A parallel light beam with a small diameter is by far the
most dangerous type of beam. It can enter the pupil, in its
entirety, and be focused by the eye's lens to a spot with a
diameter of hundredths of a millimetre. The entire light
output is concentrated on this small area. With a 10 mW
beam, the power density can be up to 12,000 W/cm2 The output
power (strength) of the laser. It is fairly obvious that a
powerful laser (many watts) is more hazardous to stare into
than a weak laser. The wavelength of the light. Within the
visible wavelength range, we respond to strong light with a
quick blinking reflex. This reduces the exposure time and
thereby the light energy which enters the eye.
Light sources which emit invisible radiation, whether an
infra-red laser or an infra-red diode, always entail a
higher risk than the equivalent source of visible light.
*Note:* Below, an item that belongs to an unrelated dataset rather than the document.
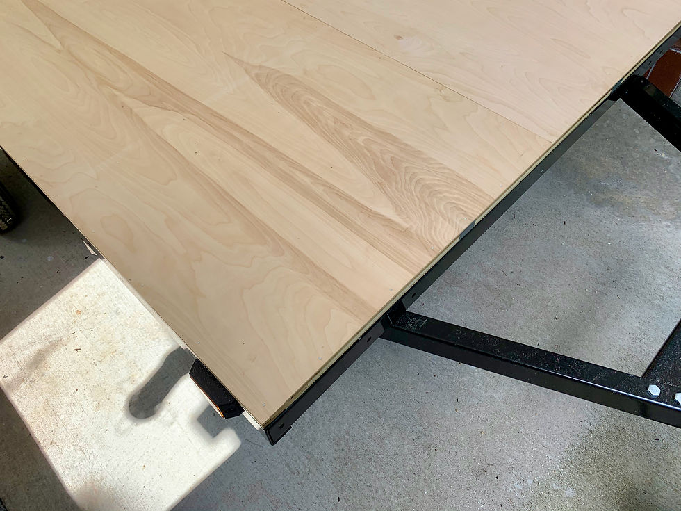 The hardest part so far has been waiting to do this! From the moment I conceived the shape I wanted to dance out to my shop and cut it out. But first ... of course, I had to acquire the trailer kit - the footers and foundation, take delivery of plywood and "sticks" - the deck or "slab" of this home away from home, and wire and bolt and undercoat the whole collection to make it ready for the walls. Done!

Radiation at wavelengths over 1400 nm is absorbed by the
eye's lens and is thus rendered safe, provided the power of
the beam is not too high. Radiation at wavelengths over
3,000 nm is absorbed by the cornea and is less dangerous.
The distribution of the light source. If the light source is
concentrated, which is often the case in the context of
lasers, an image of the source is projected on the retina as
a point, provided it lies within our accommodation range,
i.e. the area in which we can see clearly. A widely spread
light source is projected onto the retina in a
correspondingly wide image, in which the light is spread
over a larger area, i.e. with a lower power density as a
consequence.
For example: a clear light bulb (which is apprehended as a
more concentrated light source) penetrates the eye more than
a so-called "pearl" light bulb. A laser system with several
light sources placed separately, such as a multiprobe (the
probe is the part of the laser you hold and apply to the
area to be treated: a single probe means there is only one
laser diode in the probe, as opposed to a multiprobe, which
has several laser diodes) with several laser diodes, can,
seen as a whole, be very powerful but at the same time
constitute a smaller hazard to the eye than if the entire
power output was from one laser diode, because the diodes'
separate placement means that they are reproduced in
different places on the retina. We have often heard this
kind of remark: "If it's a class 3B laser then it's fine,
otherwise it has no effect....". This is of course entirely
incorrect and has lead to a situation where manufacturers
have produced lasers to meet the 3B classification, so that
they will sell in greater volumes.
Let us look at a couple of examples: * A GaAlAs laser with a
wavelength of 830 nm, an output of 1 mW and a well
collimated beam (1 mrad divergence) is classified as laser
class 3B as it is judged to be hazardous to the eye. The
reason for this is partly the collimated beam, and partly
the wavelength, which is just outside the visible range and
hence provokes no blink reflex in strong light. * A HeNe
laser with a wavelength of 633 nm, an output of 10 mW and
divergent beams (1 rad divergence, which coresponds to a
cone of light with a top angle of about 57?) is classified
as laser class 3A because, owing to its divergence, it
cannot damage the eye. With the recent advent of "high power
low power lasers", i.e. GaAlAs lasers in the range 100-500
mW there is another story. These lasers are indeed dangerous
for the eye and should only be used by qualified persons and
with proper protective measures taken.
Q: How do I know
which laser I should buy ?
A: The laser market is very
complicated and full of pitfalls. How do you know which
instruments are good? What is expensive? Will it be
expensive in the long run to buy something cheap? It is easy
to make hasty decisions when faced with a skilful salesman -
who is likely to know much more about the field than the
customer. Before you know it, you've signed on the dotted
line. Here are a number of questions which you should ask
both the salesman and yourself. You would be well advised to
read these carefully in case you regret not doing so later
on!
- "Laser instruments" have been
sold which do not even contain a laser, but LEDs or even
ordinary light bulbs. These instruments have been sold
for between US $3,000 - $10,000. How can you acquire
proof that the instrument really does contain a laser?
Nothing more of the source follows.